Materials and Methods

EST data mining

All human coding sequences were extracted from RefSeq mRNA database at NCBI (27,184 sequences). The dbEST database contained more than 5.6 million human ESTs (exceeding 3,009 million nucleotides in length). The dbEST libraries (7574) were manually annotated corresponding to the biomaterial of origin and ESTs were subdivided in the following seven classes: cancer tissues and cell lines (Y, 4466 libraries), normal tissues (N, 2621), cell lines of uncertain origin (C, 193), hyperplasia (B, 32), normal tissues associated to cancer lesions (A, 33), matched normal controls from cancer patients (M, 70) and undetermined origin (U, 159).

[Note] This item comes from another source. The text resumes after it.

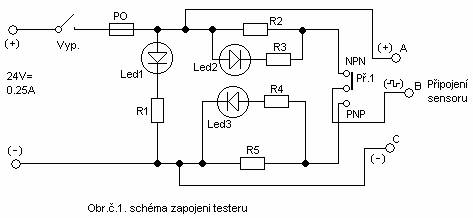 popsaný test je pro senzor který je při aktivaci spínací pokud hned svítí jedna z diod Led2 nebo Led3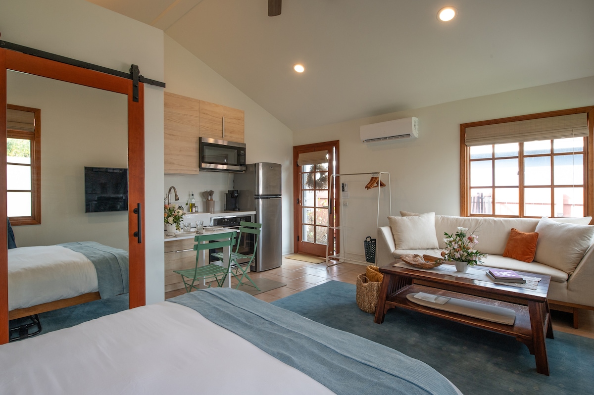 Welcome to this truly special beach cottage and come relax in the peaceful, lush garden and chill in a luxurious King bed. Walk through a quiet and adorable neighborhood to beautiful beaches, lively harbor, local markets and a variety of restaurants . This private and beautiful studio is centrally located and just blocks from local favorites. You will enjoy the ocean breeze on your private patio and with open windows. This space is ideal for one or two adults.

Only the library with clear cut origin was used: i.e. 4466 cancer tissues and cell lines (Y) vs. 2621 normal tissues (N). Tissues associated (A) or matched (M) to cancer, benign tumors (B) and other cell lines (C) were not used. The coding sequences for each RefSeq entry were aligned against the human dbEST database by using BLAST. The Cancer Mutome MySQL database was populated with a total of 43,965,904 mismatches and gaps extracted from 3,839,543 alignments. Perl was used to develop all the scripts and implement the system. BioPerl was used for the BLAST procedure and parsing. BLAST parameters were set to default (expect = 1E-21) with the exception of recovering up to a maximum of 500 alignments for each query.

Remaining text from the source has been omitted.